What to work on: Return the data exactly, with all pictures removed.

Dataset records:
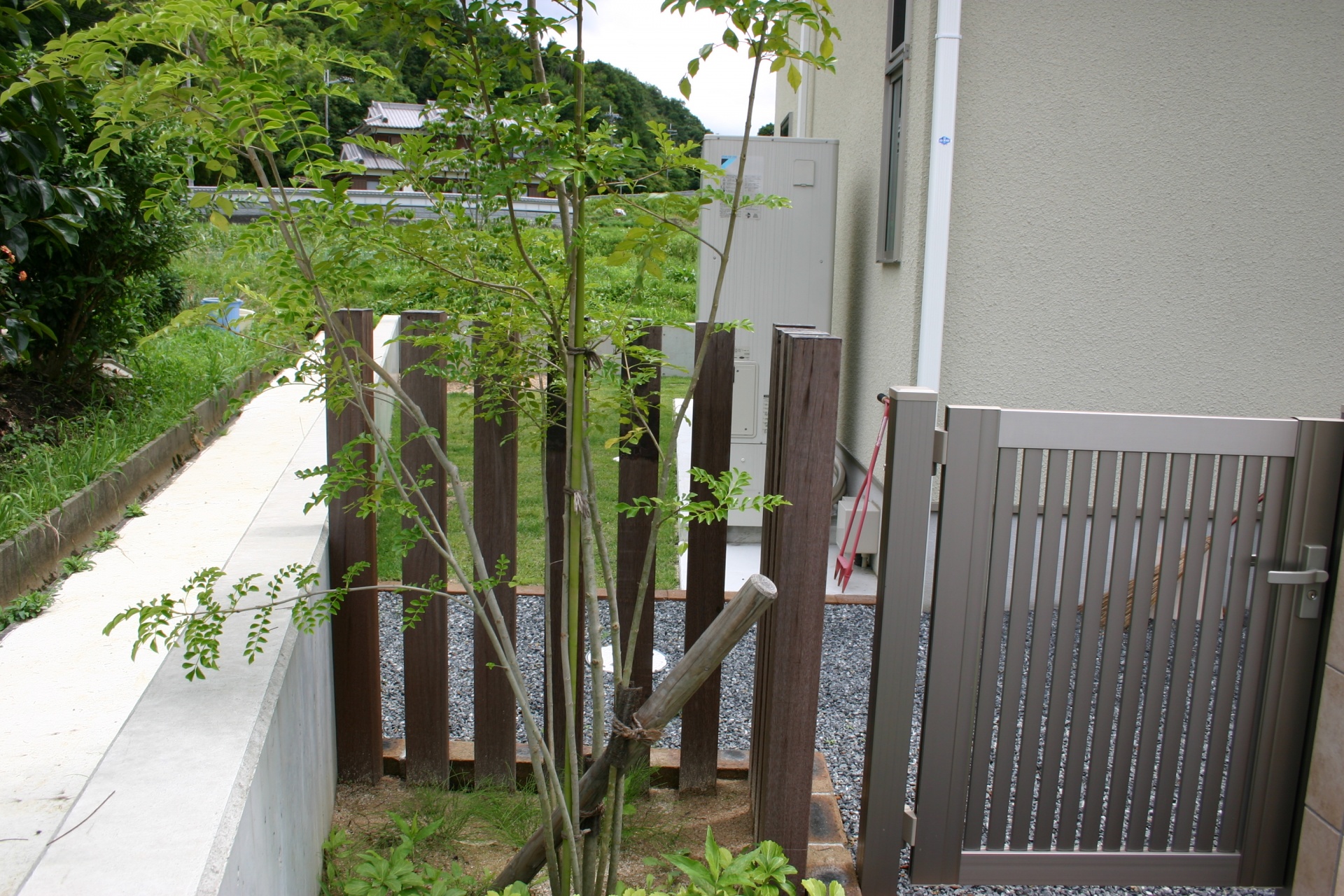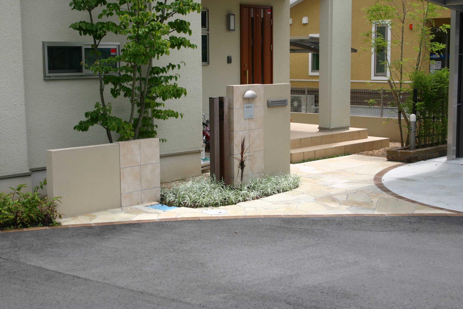 施工実績 タイルポイント門柱のベーシックデザイン 加西市新築外構 加西市エクステリア施工例。タイルデザインで大人のイメージで外構デザインしました。べージュの落ち着いた色合いと自然石調タイルのカラーバランスが特徴です。 ウリンの木製フェンスをサイドにポイントデザインした門周り外構。 シマトネリコのバックに木製のウリンフェンスをセレクト。 門周り全景。
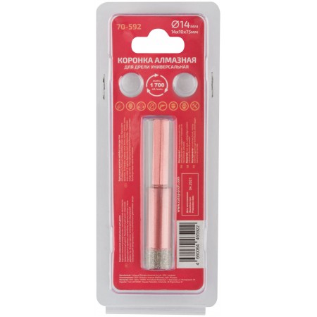 Коронка алмазная универсальная с шестигранным хвостовиком предназначена для дрели. Применяется для сухого сверления керамогранита, мрамора, шлакоблока, кирпича, плитки, стекла, дерева и т д. Внутри коронок используется специальный охлаждающий материал(воск), что значительно увеличивает ресурс. Материал: инструментальная сталь, технические алмазы, воск. Упаковка: блистер.
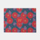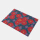 Large scarlet red, medium navy blue, and small royal purple daisy-like flowers are scattered across a rich jungle green background to create a colorful floral pattern that is perfect even for autumn. Customize the monogram on this doormat to create a personalized decoration for your entryway.
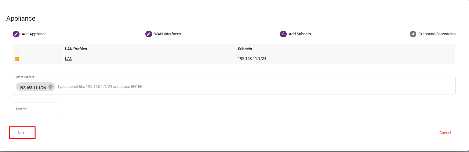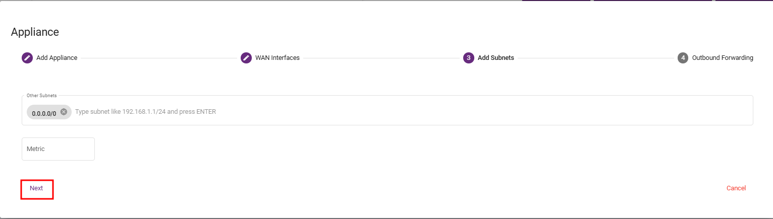 Steps 7: In this step, Go to other subnet put this 0.0.0.0/0 as the local Lan Subnet. This represent all IP address and ensures that all internet-bound traffuc from the branch is routed the central hub by using 0.0.0.0/0.
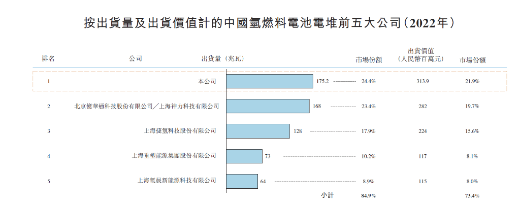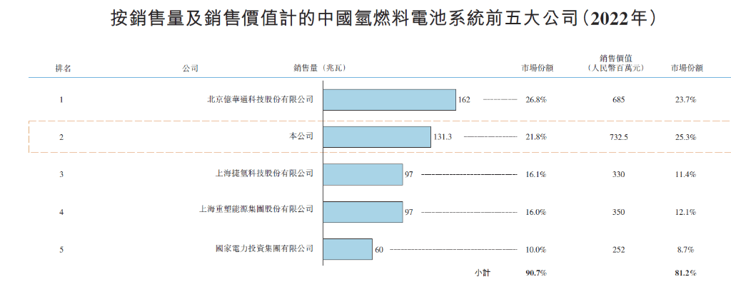 氢燃料电池系统,国鸿氢能排第二。按销售量统计,2022年中国燃料电池系统的市场规模约602.8MW,国鸿氢能燃料电池系统销售量约131.3MW,在氢燃料电池系统销售中排第2,市占率21.8%,按销售价值计算,市占率排第一。
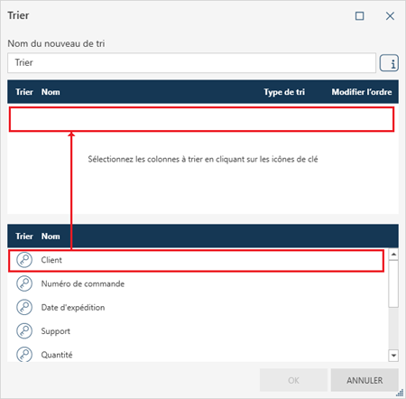 Cliquez sur l’icône de clé pour déplacer la colonne de la liste des colonnes à la liste des colonnes de tri :

Task response:
 施工実績 タイルポイント門柱のベーシックデザイン 加西市新築外構 加西市エクステリア施工例。タイルデザインで大人のイメージで外構デザインしました。べージュの落ち着いた色合いと自然石調タイルのカラーバランスが特徴です。 ウリンの木製フェンスをサイドにポイントデザインした門周り外構。 シマトネリコのバックに木製のウリンフェンスをセレクト。 門周り全景。
 Коронка алмазная универсальная с шестигранным хвостовиком предназначена для дрели. Применяется для сухого сверления керамогранита, мрамора, шлакоблока, кирпича, плитки, стекла, дерева и т д. Внутри коронок используется специальный охлаждающий материал(воск), что значительно увеличивает ресурс. Материал: инструментальная сталь, технические алмазы, воск. Упаковка: блистер.
 Large scarlet red, medium navy blue, and small royal purple daisy-like flowers are scattered across a rich jungle green background to create a colorful floral pattern that is perfect even for autumn. Customize the monogram on this doormat to create a personalized decoration for your entryway.
 Steps 7: In this step, Go to other subnet put this 0.0.0.0/0 as the local Lan Subnet. This represent all IP address and ensures that all internet-bound traffuc from the branch is routed the central hub by using 0.0.0.0/0.
 氢燃料电池系统,国鸿氢能排第二。按销售量统计,2022年中国燃料电池系统的市场规模约602.8MW,国鸿氢能燃料电池系统销售量约131.3MW,在氢燃料电池系统销售中排第2,市占率21.8%,按销售价值计算,市占率排第一。
 Cliquez sur l’icône de clé pour déplacer la colonne de la liste des colonnes à la liste des colonnes de tri :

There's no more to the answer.